Life’s been mostly smooth sailing for Monica Brzoska and her husband, Jorell Conley.
Since selling all their worldly possessions, ditching the daily 9-to-5 grind and becoming full-time cruisers, the toughest decision the seafaring sweeties have had to face each day is whether to luxuriate around an oceanliner’s pools or its spas.
“All my meals are cooked by chefs, and staff change my bedding,” bragged Brzoska, 32, an ex-teacher from Memphis, Tennessee, to The Sun. “I haven’t stepped into a kitchen or used a washing machine for a year.”
“I’m not a millionaire,” she added. “I just live full-time on cruise ships.”
Brzoska did not immediately respond to The Post’s request for comment.
However, while floating to exotic sandy locations as staffers supply her every need seems like a dream, she admits that life on the water can sometimes be a drip.
“There are challenges, of course,” conceded the blond. “We miss our families but know we can fly home if there’s an emergency.”
In fact, a family crisis inspired the voyaging lovers to set permanent sail two years ago.
“I was desperate to see the world,” said Brzoska. “When my dad Andrzej, now 68, needed a liver transplant in August 2022, my mom Lucyna, 60, said to me: ‘Don’t wait for retirement to follow your dreams. Do it now.’”
With her parents’ blessing, the holiday-making millennials — who met during a teaching gig in July 2015 and tied the knot in July 2020 — said “bye-bye” to the rat race and “aye-aye” to luxury boating.
“We already had a week-long Caribbean cruise booked for March 2023,” said Brzoska. “Instead of coming back, why not keep booking consecutive cruises for as long as we could afford to?”
The wave riders carefully calculated the costs prior to taking the plunge. They’ve ultimately managed to make their ocean motion work for less than $10,000 a year.
“Accommodations, food and entertainment would be included — we’d only need spending money,” said Brzoska.
She and Conley, 36, had previously taken a series of week-long Carnival cruises to hotspots such as Mexico, Belize, Grand Cayman and Costa Rica. The twosome’s frequent floating awards them massive discounts on future trips.
“We’d earned access to some amazing offers,” Brzoska gushed. “If we chose the cheapest cabins, our savings from the pandemic would allow us to book eight months of cruising for $9,989.19 — some trips paid for in full, others with deposits.”
To keep their incoming cash flow steady, the out-and-about honeys rent out their three-bedroom house in Memphis.
Brzoska says leaving life on land has been a “freeing” experience.
“Before, there had always been lesson plans, cooking and cleaning,” she said. “But all of that [is] gone.”
Rather than being preoccupied with work and chores, Brzoska now spends her days enjoying craft activities, playing trivia quiz games and busting a gut at comedy shows offered on the boat.
Her hubby, too, finds happiness watching television and chatting up fellow passengers at the bar.
Taking their marriage to the high seas has made holy matrimony a splash.
“Without the daily stresses of life, we rarely argued,” Brzoska said, “but always told each other if we needed space or more time together.”
The nonstop tourists have even scheduled a weekly date night, during which they don their best duds to dine at one of the fancier onboard restaurants.
Plus, it’s kinda hard to quarrel while sightseeing in some of the most fabulous corners of the world.
Since setting adrift, the adventurous darlings have visited dozens of countries, including Fiji, Japan and Greece.
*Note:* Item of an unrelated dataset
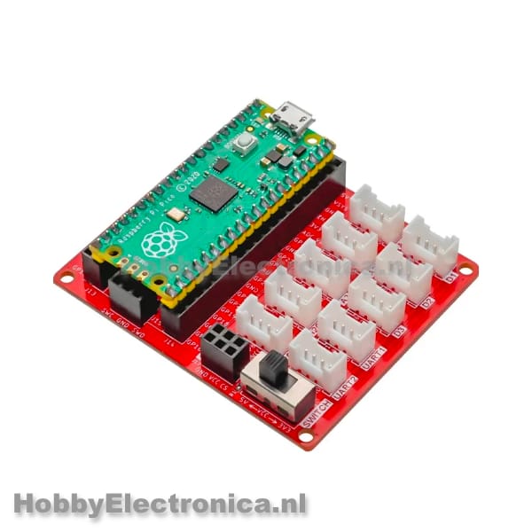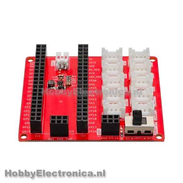 Crowtail shield Raspberry Pi pico is een plug-and-play uitbreidingsbord voor Raspberry Pi Pico, waarin verschillende Crowtail-connectoren zijn geïntegreerd, waaronder 2*I2C, 3*Analog, 2*UART, 3*Digitale poorten, 1*BAT, SWD debug-interface en SPI-pin, 3.3v /5v selecteerbare aan/uit-schakelaar. Het shield is een stapelbaar uitbreidingsbord. U kunt de voor gesoldeerde Pico direct gebruiken en op het shield aansluiten, de sensoren uit de Crowtail-serie aansluiten en beginnen met het ontwikkelen van uw nieuwe project.

In the last year, they’ve been on 36 consecutive cruises — often disembarking from one watercraft to jump on another at the same port.
And they’re far from the only jet-setters to make life on-the-go a part of their love story.
Couple Marcel Popp, 33, and Vendula Zakova, 31, recently quit their jobs to explore the globe together just two days after meeting on vacation in Vietnam.
And New Yorkers Matt Robertson and Khani Le threw caution to the wind on their third date, taking an impromptu excursion to Costa Rica — only to be stuck on the island for nearly four months during the COVID-19 pandemic.
“It was a crazy, surreal experience,” Robertson told The Post.
Brzoska agrees, crediting her new world on water with brightening things up.
“In our old life, we’d have moments we called ‘glimmers,’ when everything seemed magical,” she said. “Now I feel like my whole life is a glimmer — it really is a dream come true.”